バルビュ・エコロジー移行相は7月15日、干ばつ対策班を招集し、現状の確認を行った。2013年以来の厳しい状況にあると発表した。
全国の地表水の水位は、全体の3分の1ヵ所近くの測定ポイントにおいて、過去20年間に観測された最低値を下回る水準に下がっている。春季の降水量は全国的に概ね平年並みだったが、猛暑の影響で地表水の目減りが大きくなっている。現在、全国で12万人に飲料水の適正な供給が行えない状態になっている。地下水系の水位は、地表水に比べると、今のところは良好な水準にあるが、通常よりも早いペースで低下に向かっているという。
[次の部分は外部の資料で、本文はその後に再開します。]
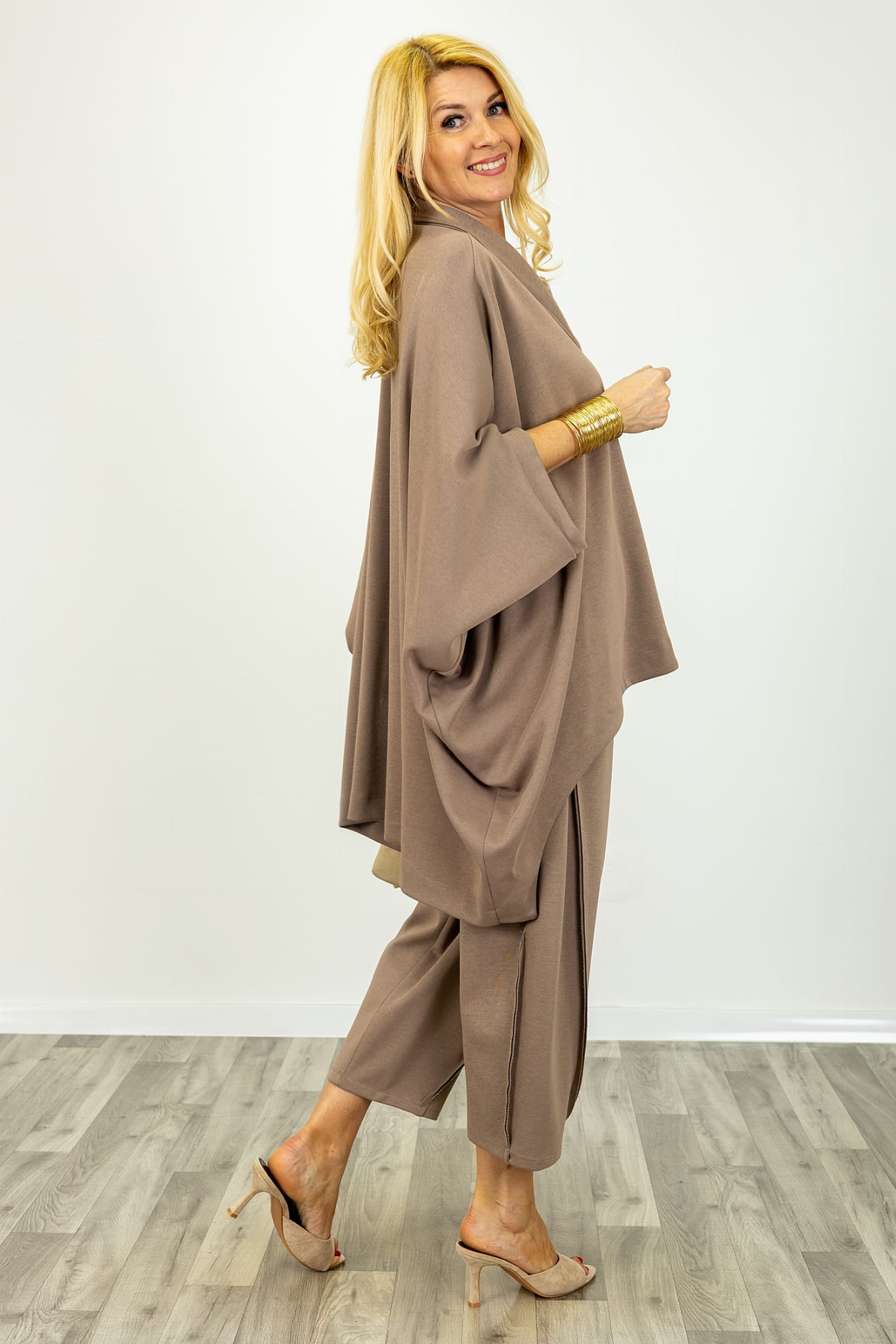 Narzutka żakiet oversizowa Montisola asymetryczna zapinana na guziki rękaw kimono fango
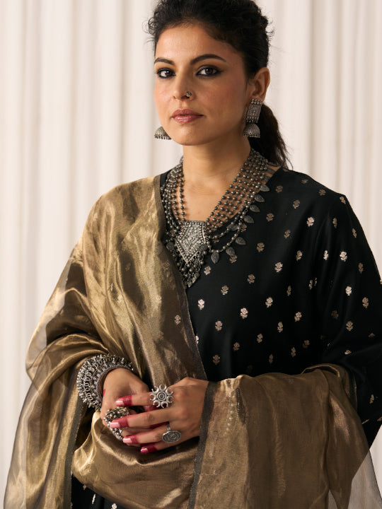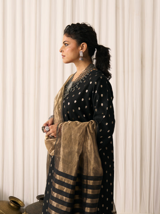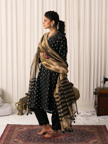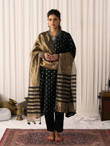 Colour: Gold (with black chanderi stripes and tassels on the edges)

全国の99県において、何らかの消費制限(私有プールに水を溜めない、洗車や庭の散水を見合わせる、一部の工業目的での使用の禁止など)が適用されている。渇水状況は、指定なしから、警戒、警報、強化警報、危機という全5段階に分類され、随時公表されている(「vigieau.gouv.fr」にて確認可能)が、現時点では、43県が危機に指定されており、27県が強化警報の対象となっている。
農業生産への影響が懸念されている。また、干ばつに関係して、山火事・森林火災の被害も拡大しており、今年に入ってこれまでに3万ヘクタール余りが焼失。パリ南郊フォンテーヌブローの森の火災が象徴するように、これまでは被害が少なかった北寄りの地域でも発生が増えている。